TREN.BISNISMARKET.COM - Perubahan signifikan terjadi dalam peta investasi asing di Indonesia pada kuartal kedua tahun 2026. Untuk pertama kalinya dalam satu dekade terakhir, Hong Kong berhasil menggeser posisi Singapura sebagai sumber investasi asing terbesar yang masuk ke tanah air.
Fenomena ini diungkapkan langsung oleh Menteri Investasi dan Hilirisasi/Kepala Badan Koordinasi Penanaman Modal (BKPM), Rosan Perkasa Roeslani.
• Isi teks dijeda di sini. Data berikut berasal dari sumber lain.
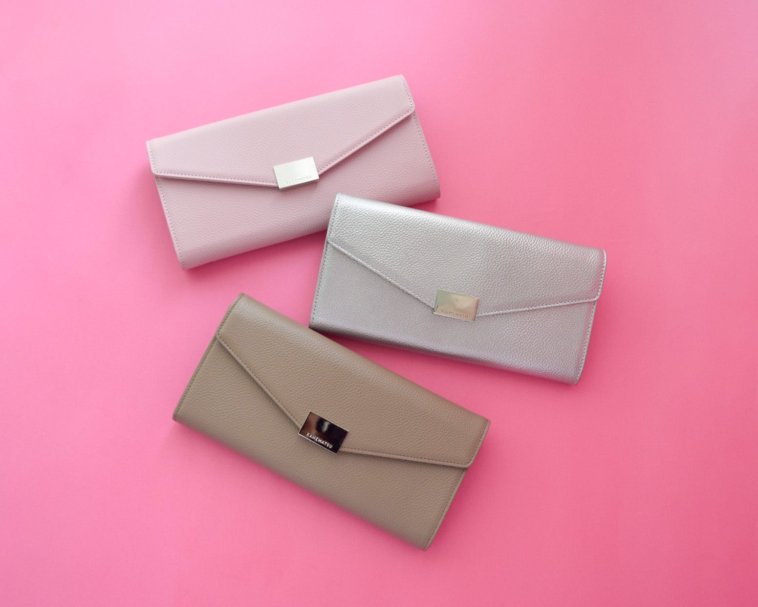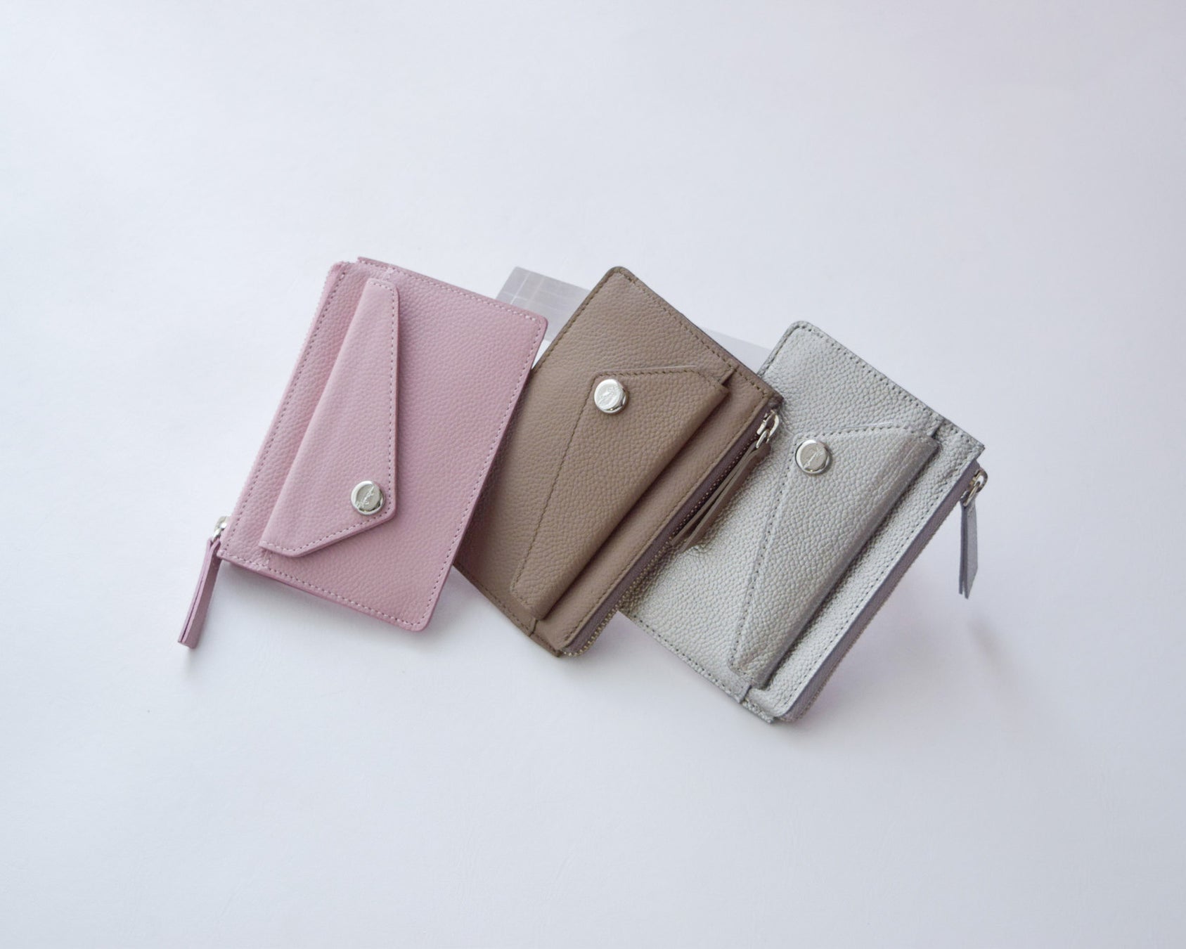 キャッシュレス派の方にオススメの封筒のような見た目がかわいいフラグメントケース。ファスナー付きのフリースペースとカード入れ×4枚、スナップボタン付きのポケットとスマートながら容量も◎。フリースペースは細マチ付きで、お札やコインはもちろん、鍵を入れたり色んな使い方が出来ます。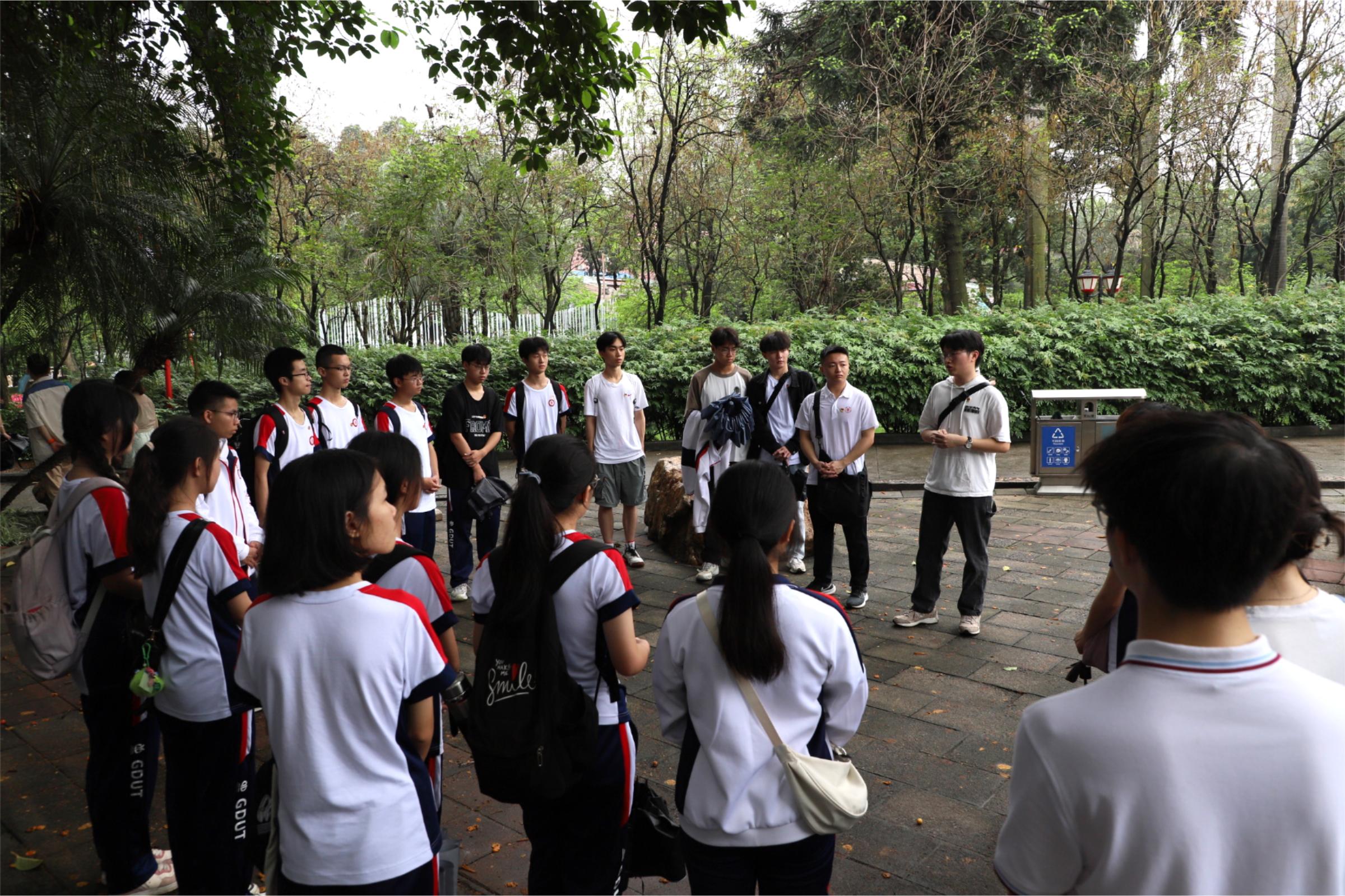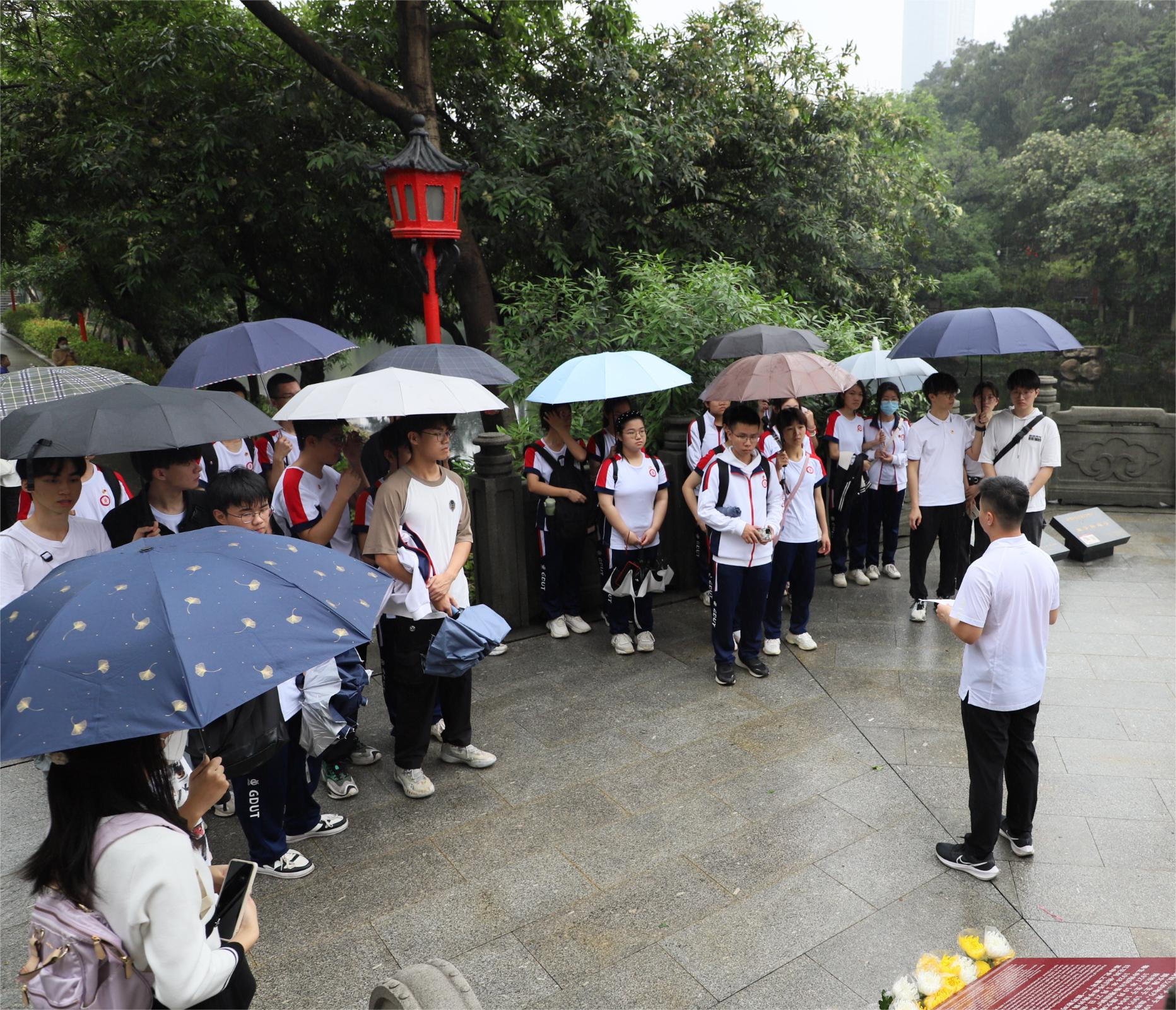 随后,在血祭轩辕亭旁,陈海琛以“刑场上的婚礼”为内容开展微团课,向党员与团员们介绍周文雍与陈铁军之间“头可断,肢可折,革命精神不可灭”的革命情谊与壮烈故事,并寄语在场同学们积极向党组织靠拢,“成为烈士们的双手,锻造他们理想中的伟业;成为烈士们的眼睛,见证他们理想中的盛世”。学生党员代表刘理昊在分享感悟时寄语团员们将走读羊城学党史常态化,在了解广州这座英雄城的历史中更好地传承革命精神,争取早日入党,为实现中华民族伟大复兴而努力奋斗。团员代表严诗琪表示,此次祭扫英烈让她更加意识到如今和平美好的幸福生活来之不易,既要珍惜当下的生活,更要发奋图强成为一名合格的新时代青年大学生,积极向党组织靠拢,为建设国家贡献自己的一份力量。

Pergeseran ini menjadi catatan penting dalam tren penanaman modal asing di Indonesia.
Perubahan tersebut secara langsung sejalan dengan peningkatan agresivitas investasi yang berasal dari Tiongkok. Dana-dana investasi dari Tiongkok tersebut sebagian besar masuk ke Indonesia melalui jalur Hong Kong, menjadikannya sebagai pintu masuk utama.
"Untuk pertama kalinya dalam 10 tahun terakhir, China investasinya lebih agresif melalui Hong Kong, sehingga tempat pertama dari investasi di kuartal kedua ini ditempati oleh Hong Kong," ujar Rosan Perkasa Roeslani saat menyampaikan laporan realisasi investasi semester I/2026 di Kantor Presiden, Jakarta, pada Kamis (16/7/2026).
Selama periode April hingga Juni 2026, total investasi yang berhasil dihimpun dari Hong Kong mencapai angka fantastis sebesar US$5,5 miliar. Angka ini menempatkan Hong Kong di posisi teratas daftar negara investor terbesar.
Di bawah Hong Kong, Singapura menempati urutan kedua dengan realisasi investasi sebesar US$4,2 miliar. Tiongkok menyusul di peringkat ketiga dengan nilai investasi US$1,7 miliar, diikuti oleh Jepang senilai US$900 juta, dan Malaysia dengan US$700 juta.
Setelah kelima negara tersebut, daftar investor asing terbesar ke Indonesia pada kuartal II/2026 masih diisi oleh negara-negara seperti Korea Selatan, Belanda, dan sejumlah negara lainnya yang turut berkontribusi pada pertumbuhan ekonomi nasional.
Selain melihat asal negara para investor, laporan juga memaparkan distribusi investasi asing berdasarkan provinsi. Pada kuartal II/2026, Provinsi Maluku Utara berhasil menjadi tujuan utama penanaman modal asing (PMA) dengan nilai investasi yang mencapai Rp39,5 triliun.
"Yang mungkin cukup menarik, PMA di Maluku Utara peningkatannya cukup tajam dan menempati peringkat pertama," kata Rosan Perkasa Roeslani mengenai lonjakan investasi di wilayah tersebut.